I have been on the lookout for games my non-gaming wife could play while under quarantine. Last week we picked up Syrup And The Ultimate Sweet. I picked up Hidden Through Time this week for her. Like last week’s game, simple controls and simple concept make it a good introductory game for non-gamers.
Neon City Riders
I hesitated to put Neon City Riders on this week’s games list. Like Nioh 2 above, the game is too hard for its own good. It’s an open world beat-em-up with poor directions and lots of areas you either can’t reach because you don’t have the required skill or can’t survive because you don’t have the required skill.
So how did this sneak on the list? Was it the cyberpunk esthetic that is getting more tired very passing week? (Cyberpunk 2077 needs to get here now). Was it the pixelated graphics that I always seem to complain about? Was it the fact the main character wears a hockey mask throughout?
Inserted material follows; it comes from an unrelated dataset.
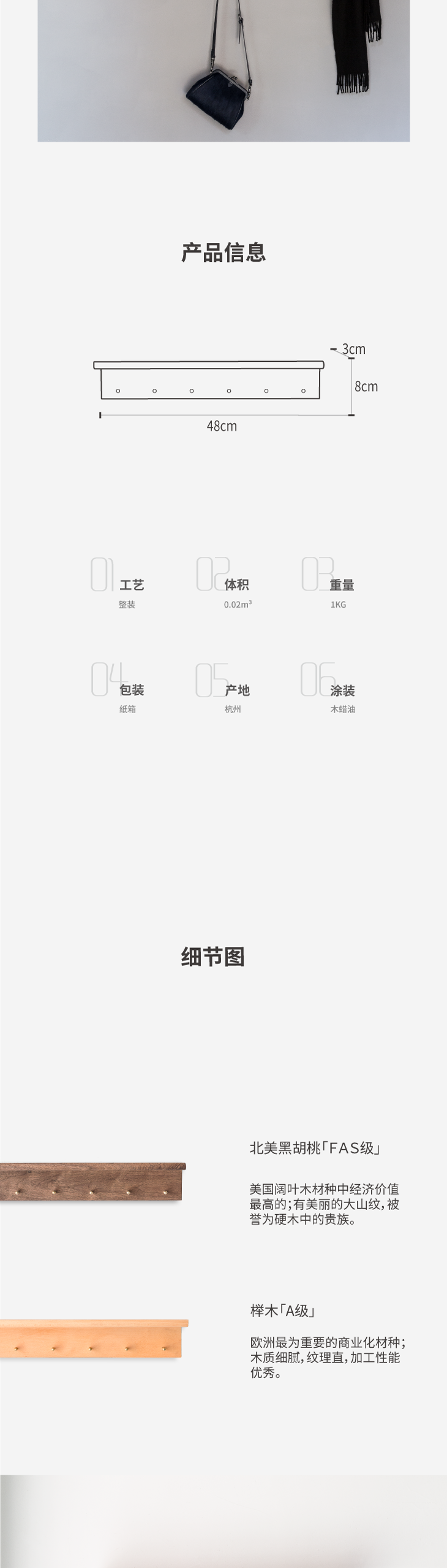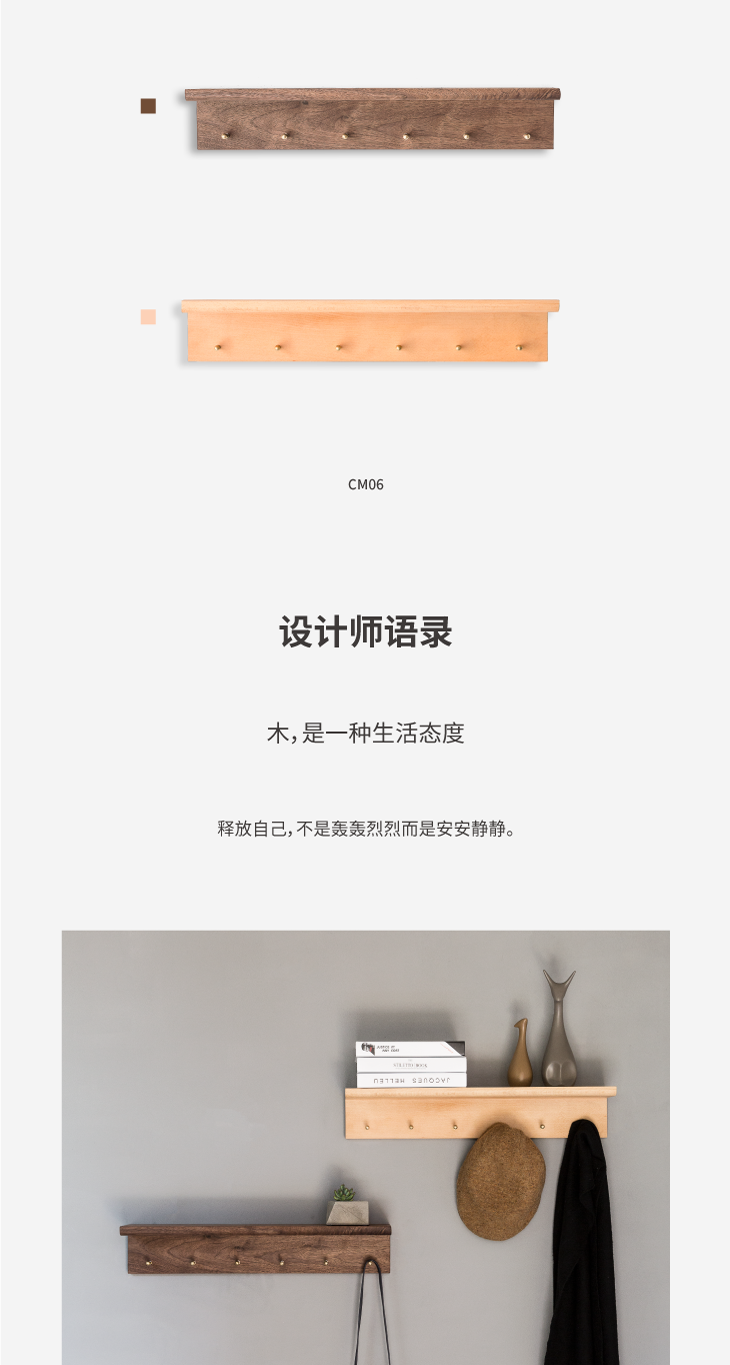 L型黑胡桃木黄铜挂钩 L型榉木黄铜挂钩

Okay, it is the fact the main character wears a hockey mask throughout which gives me an excuse to talk about 2010’s Splatterhouse. If you haven’t played it, Splatterhouse is a 3d beat-em-up that I believe should be backwards compatible on the XboxOne. The main character is a rip-off of Jason, the main collectible are nude photos of your girlfriend, and the action could be charitably described as serviceable. Looking back, I really loved that game.
Ori and the Will of the Wisps
As I stated in my Xbox Game Pass Update for March 2020 Ori and the Will of the Wisps at least visually reminds me of one of those Trine games. Beautiful with saturated colors and on the Xbox One X with HDR. In addition, the soundtrack is once again above and beyond the norm. I listen to the soundtrack of Ori and the Blind Forest on a regular basis on Spotify, and I am looking forward to the soundtrack of Ori and the Will of the Wisps.
Gameplay is the only place where Ori and I don’t seem to see eye to eye. Some frustrating boss battles and platforming combined with swimming levels doesn’t exactly make me rush out to grab a controller. However, if this type of platformer is in your wheelhouse, this is an excellent choice.